Acute LepR deficiency adds to the weight of evidence that beta cells expand by self-renewal. Previous studies revealed that adult beta cell regeneration largely occurs by self-duplication of pre-existing beta cells [11, 1416]. Extensive studies have attempted to identify a stimulus that might recruit stem/progenitor cell differentiation in beta cell regeneration. Metabolic demand potently expands beta cell mass but the lineage mechanism of beta cell growth in obesity remained unknown.

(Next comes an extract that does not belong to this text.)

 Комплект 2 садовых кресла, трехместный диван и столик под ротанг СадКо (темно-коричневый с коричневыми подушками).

Researchers have speculated that stem cells potentially contribute to beta cell expansion in obesity [10, 38]. Islet ‘stem cells’ would presumably involve a transit amplifying population and undergo multiple rounds of cell division incorporating both BrdU and EdU in beta cells. However, in our studies such double-labelled BrdU/EdU insulin-positive beta cells were very rare, even in response to massive obesity-associated beta cell expansion. Although our results from short-term thymidine analogue labelling do not completely rule out contribution by a specialised progenitor to beta cell expansion, this seems highly unlikely. Taken together, our results further support the hypothesis that self-renewal of beta cells is the primary mechanism of beta cell expansion.

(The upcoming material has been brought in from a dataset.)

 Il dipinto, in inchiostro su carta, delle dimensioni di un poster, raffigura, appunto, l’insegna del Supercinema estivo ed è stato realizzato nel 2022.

Elegant tools have been developed to study the clonal origins of mature differentiated cells. Brainbow2.1 has been used to examine clonal expansion of intestinal stem cells [27, 39], neuronal fate [26, 40], salivary glands [41] and cardiac growth [42]. We employed Brainbow2.1 for clonal analysis of beta cell expansion in obesity. We did not find any monochromatic islets in LepR-deficient mice, indicating that islets do not arise entirely from a common single cell at the time of labelling. Furthermore, we did not detect the presence of a single dominant clone within any islets. In contrast, we frequently found multiple small clones within individual islets. We found similar trends in LepR-KO mice challenged with an HFD. Previous reports have used low-frequency labelling of beta cells with the mosaic analysis with double markers (MADM) reporter to examine beta cell fate within rare cells [43, 44]. These studies demonstrated that beta cell clones were small and of similar size in normal adult beta cell growth. Our studies extend this work, showing that obesity-induced beta cell growth does not occur through clonal expansion.

The signalling mechanism(s) of beta cell expansion remain uncertain, although recent studies suggest that endoplasmic reticulum (ER) stress may regulate beta cell proliferation [45, 46]. The increased insulin demand and subsequent hyperinsulinaemia following acute LepR deletion may stimulate ER-stress-induced beta cell proliferation [45]. Further investigation is necessary to discern the relationship between insulin demand, ER-stress and beta cell proliferation in LepR-KO mice.

In summary, we developed a unique model of inducible obesity with which to determine the developmental mechanisms of obesity-associated beta cell mass expansion. Acute LepR deficiency represents the strongest stimulus for studying the lineage mechanisms of beta cell growth, but no evidence of a highly replicative progenitor cell or clonal expansion was found. Efforts to expand beta cells should continue to focus on identifying the signals that stimulate and regulate cell cycle progression. Moreover, acute LepR deficiency is an excellent model for future studies to interrogate the signals regulating beta cell growth for the development of potential diabetes therapies.